Physics: Elasticity Concepts and Formulas

1. Definitions

• Rigid Body: A body whose size and shape cannot be changed, regardless of the force applied. No perfectly rigid body exists in nature.
• Deformation Force: A force that changes the size or shape of a body without moving it as a whole.
• Restoring Force: A force that restores a body’s size and shape when the deformation force is removed. It is equal in magnitude but opposite in direction to the deformation force. This force is critical for the body's elastic nature.
• Elasticity: The ability of a material to regain its original size and shape after deformation force is removed. E.g., Steel, Rubber. Quartz is nearly perfectly elastic.
• Plasticity: The inability of a material to regain its original size and shape after deformation force is removed. E.g., Putty, Chewing gum.

2. Stress and Strain

• Stress: The restoring force per unit area.

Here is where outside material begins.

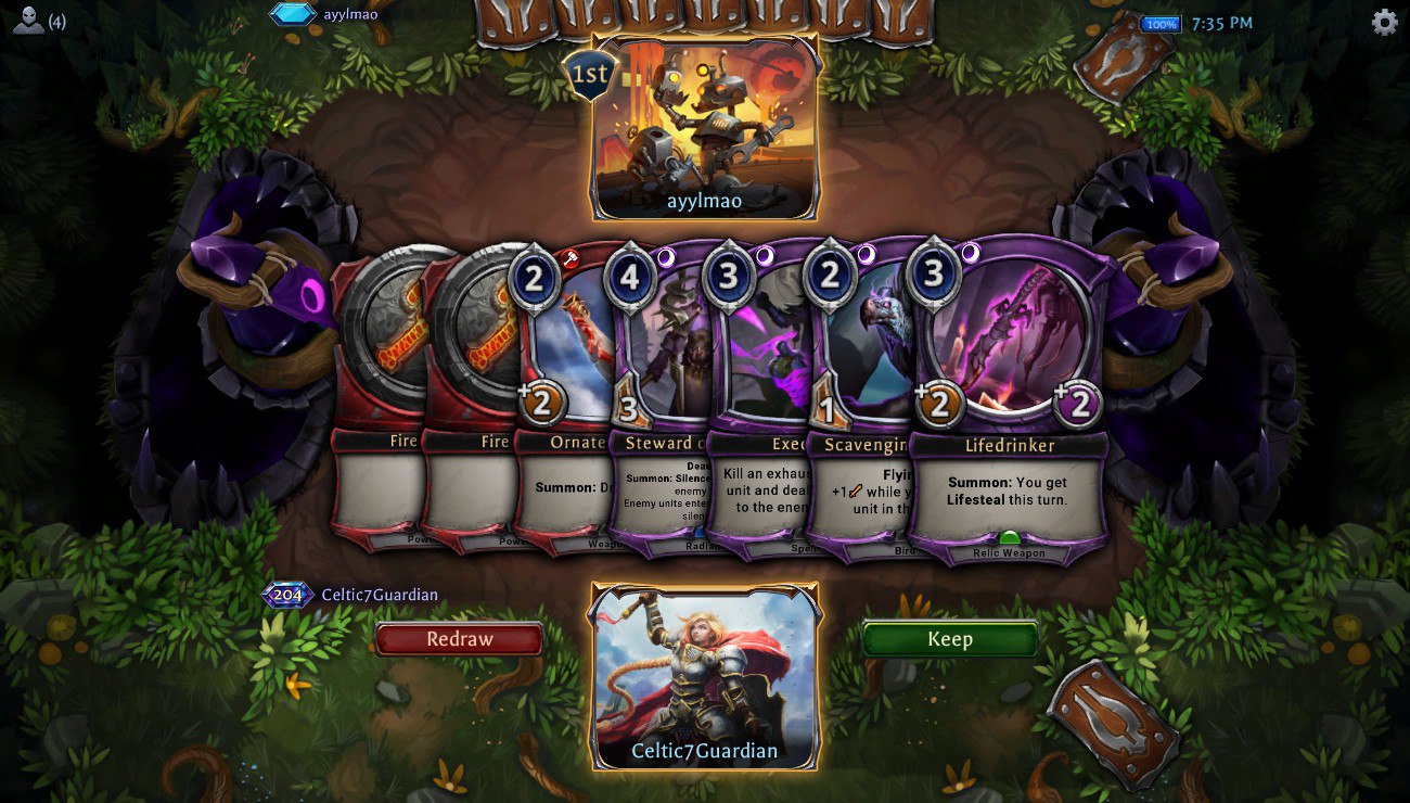 Draft, Forge, Ranked, Gauntlet – четыре основных режима игры. В Gauntlet и Forge игрок сможет заработать себе серебряные сундуки, в которых находится игровой лут: улучшения, карты и монеты. Сами режимы представляют из себя PvE схватки. Оставшиеся два режима – PvP сражения между пользователями. В режиме Draft в награду дают платиновые сундуки, содержащие редкие легендарки и улучшения. Однако, этот режим является дорогим. За вход пользователю придется заплатить, немного не мало, а 5 тысяч игровых монет.

  • Formula: Stress = Restoring Force / Area
  • Unit: N/m² or Pascal
  • Types:
    • Normal Stress: Stress perpendicular to the surface.
    • Tangential Stress: Stress parallel to the surface.
    • Volume Stress/Bulk Stress: Stress that changes the body’s volume.
    • Longitudinal Stress: Can be tensile (increasing length) or compressive (decreasing length).

• Strain: The change produced per unit dimension.

  • Types:
    • Longitudinal Strain: Change in length/original length.
    • Shearing Strain: Relative displacement between two layers divided by distance between them.
    • Volumetric/Bulk Strain: Change in volume/original volume.

3. Elastic Limit and Hooke’s Law

• Elastic Limit: The maximum stress that can be applied to a body such that it regains its original size and shape.
• Hooke’s Law: Within the elastic limit, stress is directly proportional to strain, forming a linear stress-strain graph.

4. Moduli of Elasticity

• Young’s Modulus (Y): Ratio of longitudinal stress to longitudinal strain.
• Rigidity Modulus: Ratio of tangential stress to shearing strain.
• Bulk Modulus (B): Ratio of volume stress to bulk strain.
  • Compressibility: The reciprocal of bulk modulus.

5. Poisson’s Ratio (σ)

• Ratio of lateral contraction strain to longitudinal elongation strain.
• It is dimensionless and has no units.
• Theoretical and practical limits range from 0 to 0.5.

6. Thermal Force and Stress

• Thermal Force: Force exerted by a metal bar fixed between supports when heated.
• Thermal Stress: Linear compressive stress caused by thermal force.

7. Energy in Elasticity

• Work Done/Elastic Potential Energy:
  • Formula: ( W = \frac{1}{2} \times \text{Stress} \times \text{Strain} \times \text{Volume} )
• Strain Energy per Unit Volume (Energy Density):
  • Formula: ( E = \frac{1}{2} \times \text{Stress}^2 / Y ), where Y is Young's modulus.